À l'issue de six mois de travail, la Commission européenne a tenu son engagement en présentant sa stratégie pour le marché unique numérique (MUN). Bien que ses membres se soient empressés de souligner qu'il ne s'agit pas là d'une fin mais plutôt du début d'un long parcours, nous disposons à présent d'un aperçu des priorités et orientations de la Commission.

Le secteur de la cybersécurité milite depuis longtemps en faveur d'une intégration, dès le départ et non a posteriori, d'une réflexion sur la sécurité dans toute planification d'une stratégie concernant le monde numérique. Il est donc encourageant de constater que, parmi les 16 priorités exposées dans la stratégie du MUN, la Commission ait reconnu et affirmé un engagement à renforcer la confiance dans les services numériques, ce à quoi elle espère parvenir en renforçant les mesures de cybersécurité.

Soit, ce n'est pas la première fois que nous observons un engagement de la Commission à renforcer les capacités de lutte contre la cybercriminalité en Europe mais nous enregistrons aujourd'hui des progrès. Pour s'en convaincre, il suffit de s'intéresser un peu plus aux avantages et aux inconvénients du projet.

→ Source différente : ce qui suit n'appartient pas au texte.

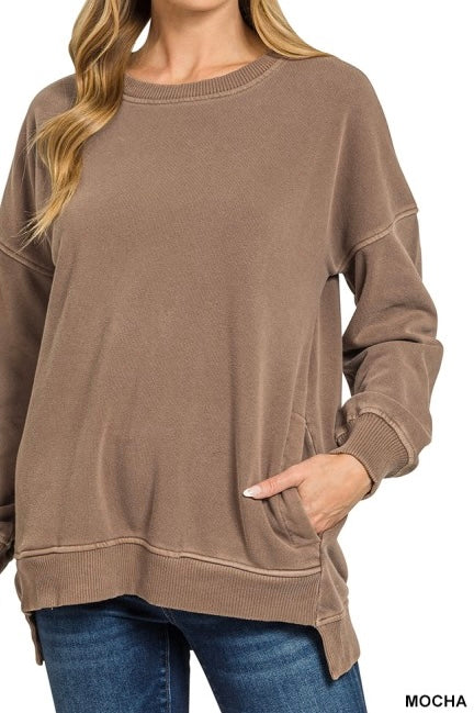 Pigment Dyed Fleece High Low Pocket Sweatshirt
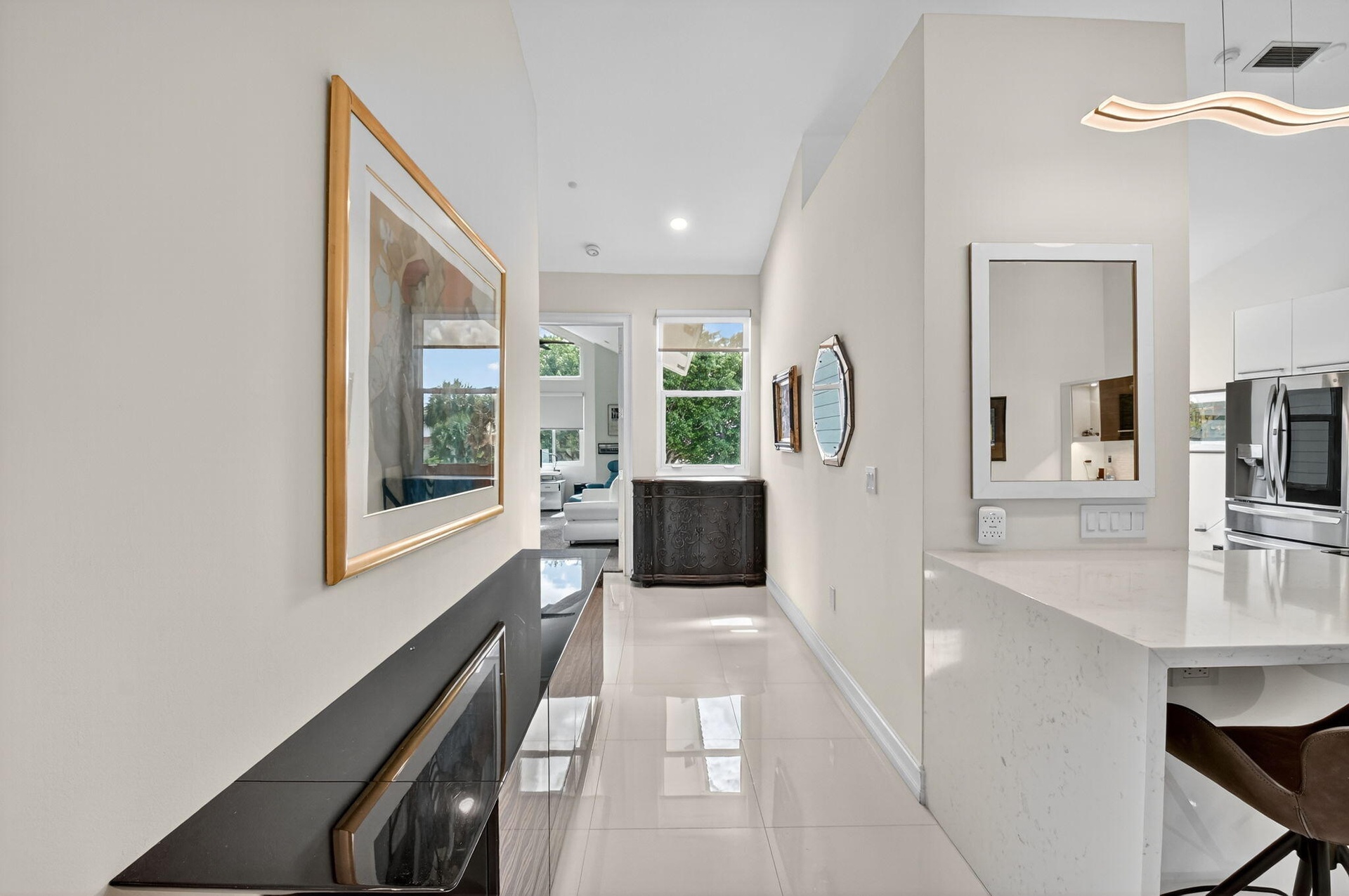 Experience luxury in this renovated 2nd-floor penthouse located in the desirable village of Clubside Pointe in Broken Sound Country Club. Offering 2,539 sqft of sophisticated living space, this 3-bedroom, 3.5-bath residence combines elegant finishes with modern upgrades. A private pneumatic vacuum elevator provides effortless access to the main living area, where you'll find an open floor plan, sleek porcelain tile floors, & soaring vaulted ceilings. The stunning kitchen is designed for both style and function, featuring quartz countertops, white cabinetry, and a custom bar/coffee station with two beverage coolers and extra storage. The spacious primary suite offers sweeping golf course views, a walk-in closet, and a spa-like en-suite bath. Relax and entertain on the enclosed patio that

Le marché européen unique pour le monde numérique facilitera sans doute la vie des plus de 500 millions d'habitants de l'UE, tout en donnant un coup de pouce grandement nécessaire à l'économie numérique européenne. Même du point de vue de la sécurité, cela pourrait permettre de mieux protéger les citoyens de l'UE contre une surveillance par des États extra-européens ainsi que contre une cyberguerre, commanditée par des États ou autres.

Le risque est cependant que certaines des initiatives proposées aboutissent à une Europe plus « fermée ». D'aucuns ont déjà exprimé leurs craintes que le principal objectif de la stratégie ne soit autre que de fournir à l'Europe un moyen de se protéger contre l'avidité des multinationales. Ils voient ainsi dans certains aspects du protectionnisme pur et simple.

Si ces critiques sont fondées, la conjugaison de ces initiatives pourrait se traduire en définitive par une erreur plutôt lourde (et coûteuse) pour un continent qui bénéficie depuis des années de la présence et de la prospérité de ses entreprises technologiques dans le cyberespace ouvert, entre autres Blablacar (France), Skype (Luxembourg), Spotify (Suède), Rovio (Finlande), Booking.com (Pays-Bas) et Prezi (Hongrie).

En tant que professionnel de la cybersécurité, je considère le protectionnisme comme une force destructrice qui non seulement limite la concurrence, l'innovation et le choix pour les consommateurs mais constitue aussi un frein à leur protection contre la cybercriminalité partout dans le monde. La principale raison en est que les cybercriminels opèrent à l'échelle mondiale, par-delà les frontières, de sorte que notre combat contre eux ne doit pas non plus connaître de frontières.

La conséquence extrême pourrait en être un processus de « balkanisation », dans lequel chaque État cherche à prendre le contrôle de ses entreprises de cybersécurité comme des pions sur un échiquier, en extrayant à volonté des informations destinées à ses propres services de renseignement. Une telle éventualité serait catastrophique. Notamment, la cohérence, la bonne volonté et les partenariats résultants entre les acteurs de la cybersécurité, qui ont formé la pierre angulaire de tant d'excellent travail ces dernières années, seraient immédiatement menacés. Ce qui en soi représenterait une énorme perte dans la lutte contre la cybercriminalité.

Nous pouvons également envisager une situation dans laquelle les États extérieurs à l'UE contraindraient, en rétorsion, leurs entreprises de cybersécurité à mettre un terme à leurs services en Europe. Inutile de préciser qu'une telle situation ne serait pas saine.

La bonne nouvelle est que, dans le contexte moderne de mondialisation, ce type de scénario est très improbable. Néanmoins, il démontre pourquoi l'ouverture et l'accessibilité du marché européen doivent être la priorité de la Commission européenne.